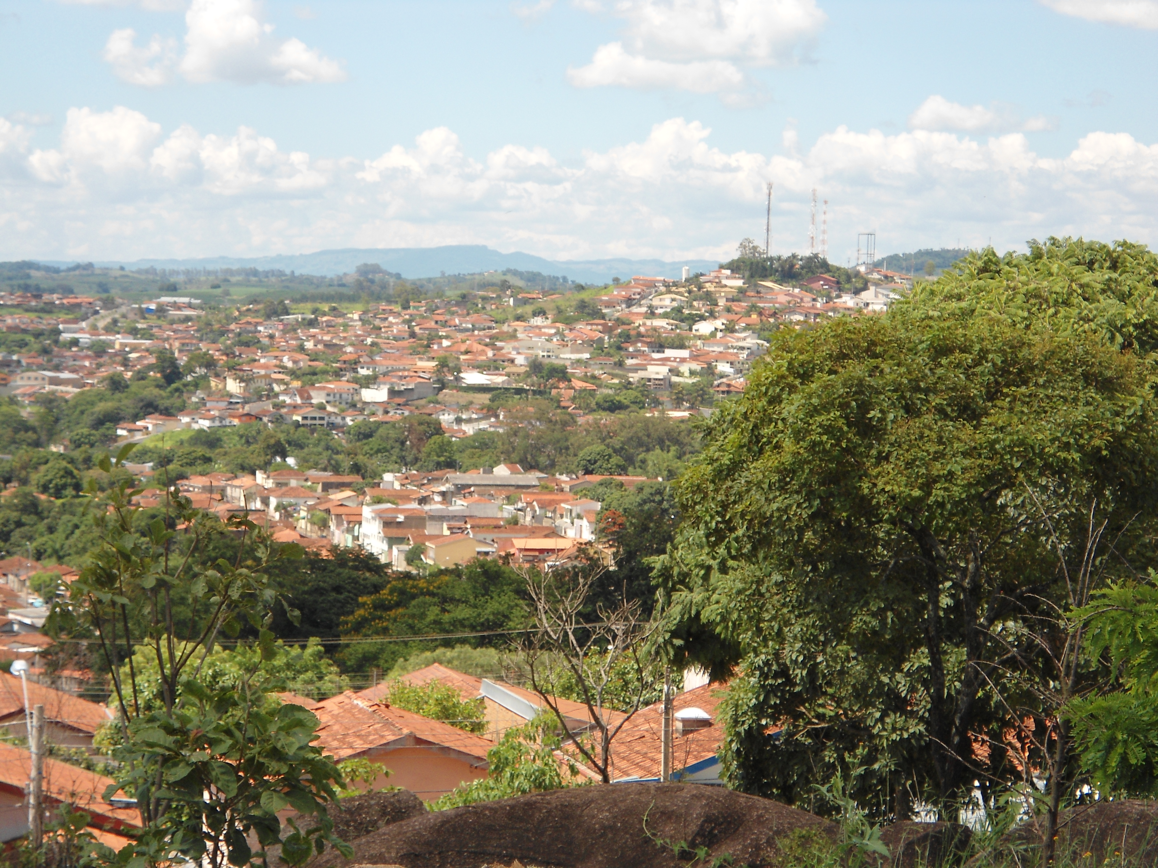 Vista da cidade
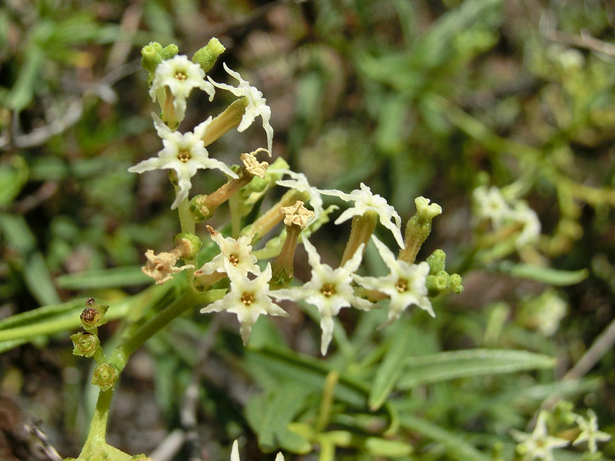 Ceballosia fruticosa var. angustifolia, flowers. NW Tenerife, Teno Bajo near Punta de Teno, open coastal succulents shrubland, ca. 20 m above sea level.
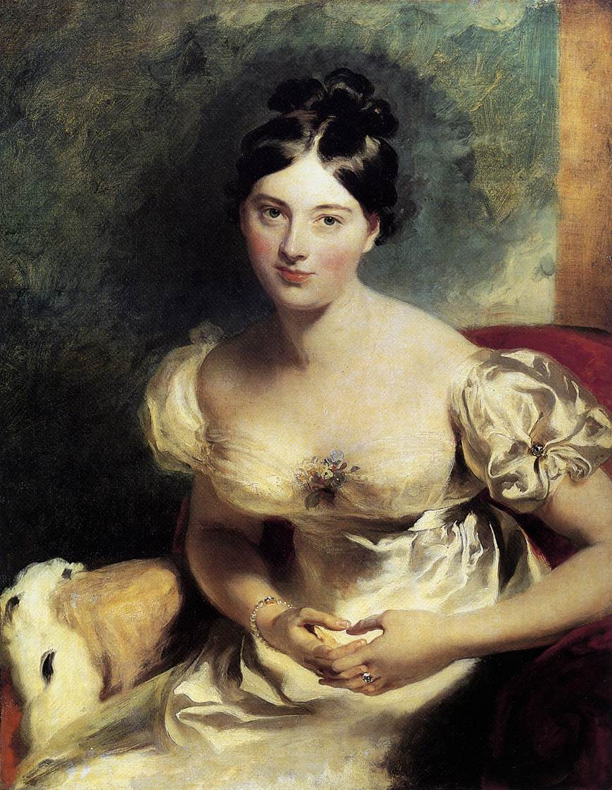 Marguerite Gardiner, Countess of Blessington (1789—1849), in 1822
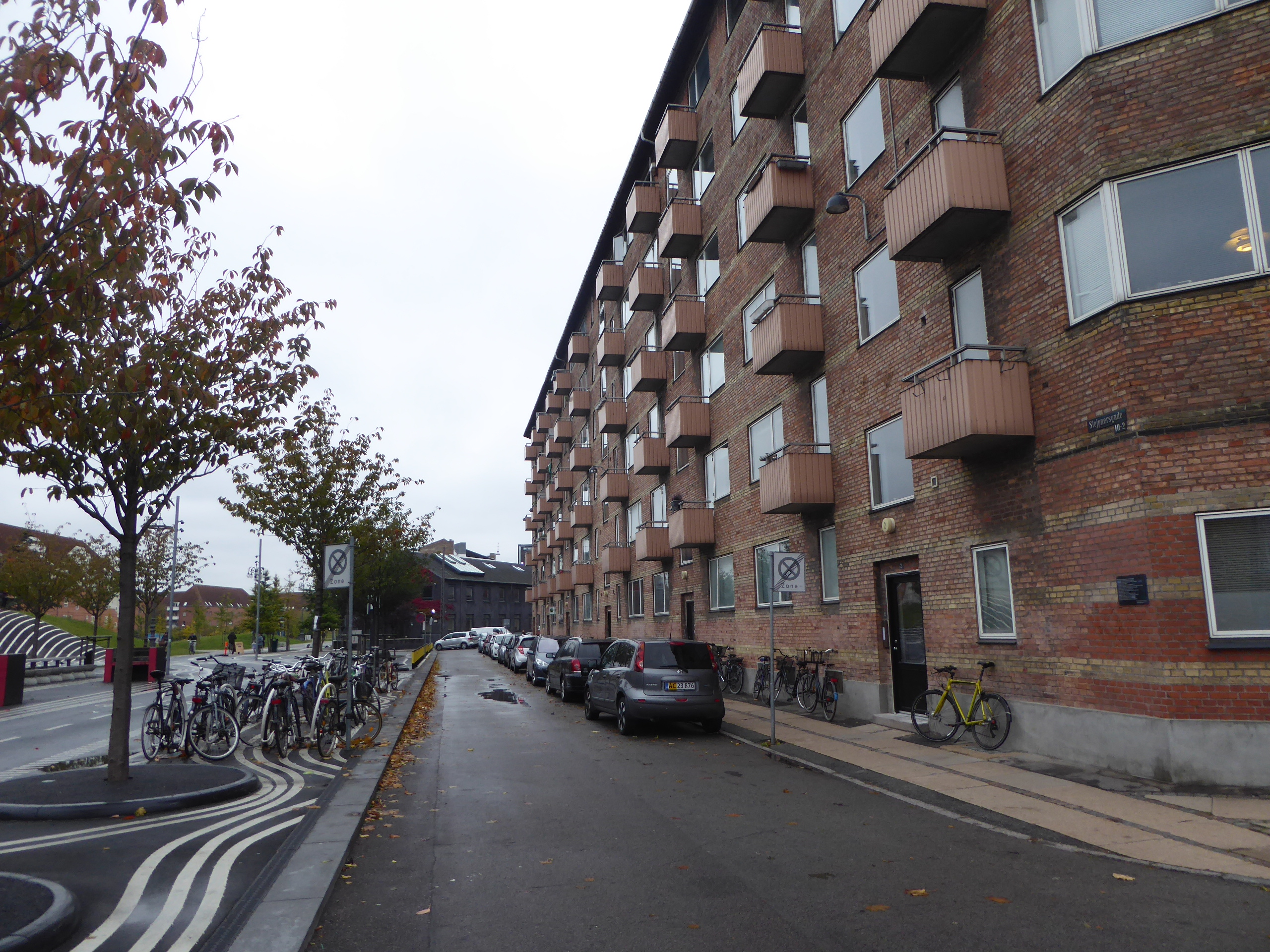 The street Slejpnersgade in Nørrebro in Copenhagen.
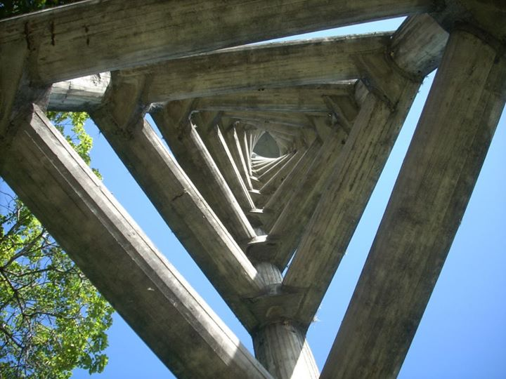 Desde adentro es distinto
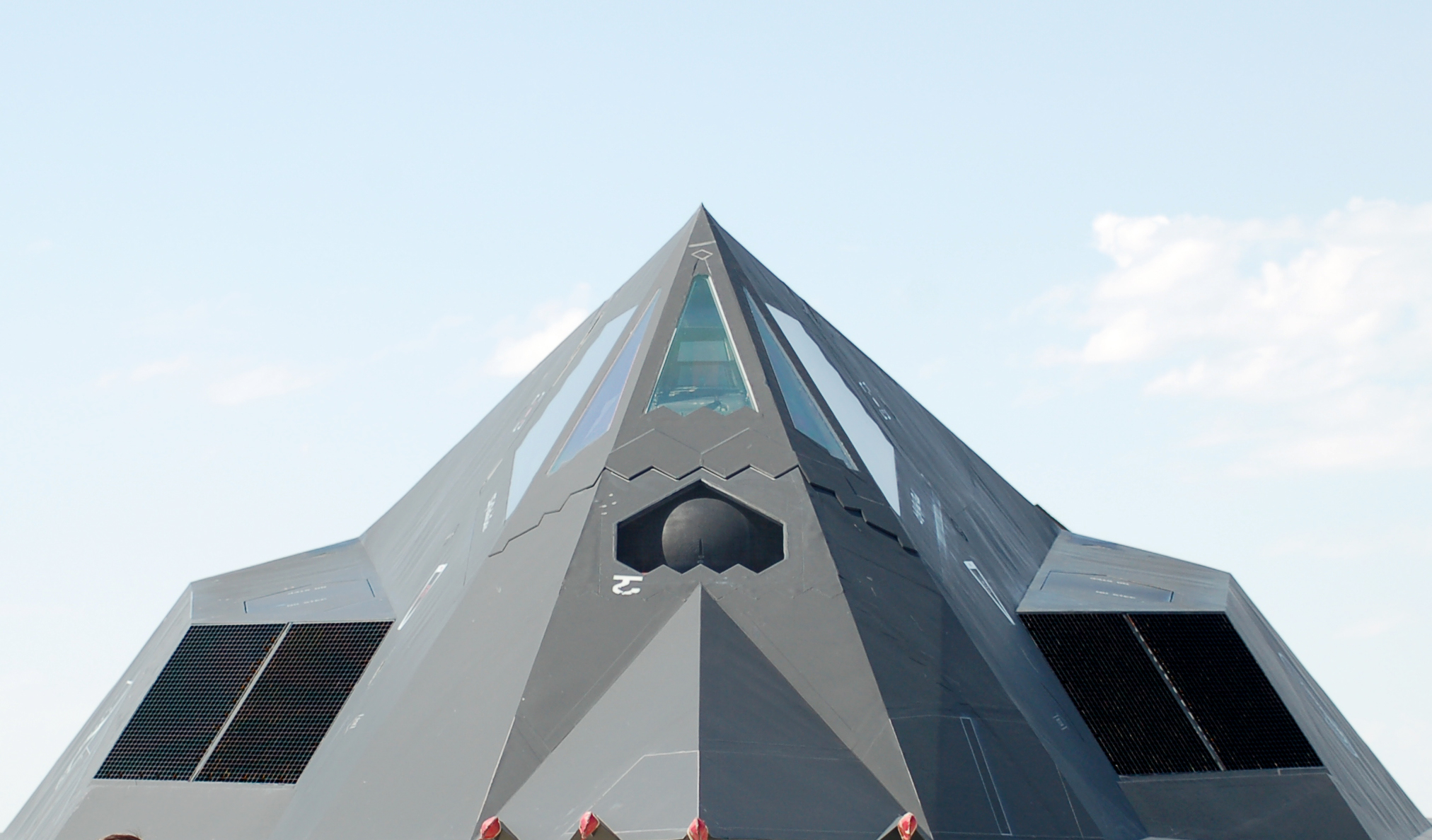 A detail of an F-117 Nighthawk Stealth Fighter's nose and cockpit. This is a view facing the aircraft. Taken during an airshow at Kirtland Air Force Base, Albuquerque, New Mexico.

********************

● To do: A precise repetition of every entry, free of pictures, is the expected answer.

● Response area:
 Vista da cidade
 Ceballosia fruticosa var. angustifolia, flowers. NW Tenerife, Teno Bajo near Punta de Teno, open coastal succulents shrubland, ca. 20 m above sea level.
 Marguerite Gardiner, Countess of Blessington (1789—1849), in 1822
 The street Slejpnersgade in Nørrebro in Copenhagen.
 Desde adentro es distinto
 A detail of an F-117 Nighthawk Stealth Fighter's nose and cockpit. This is a view facing the aircraft. Taken during an airshow at Kirtland Air Force Base, Albuquerque, New Mexico.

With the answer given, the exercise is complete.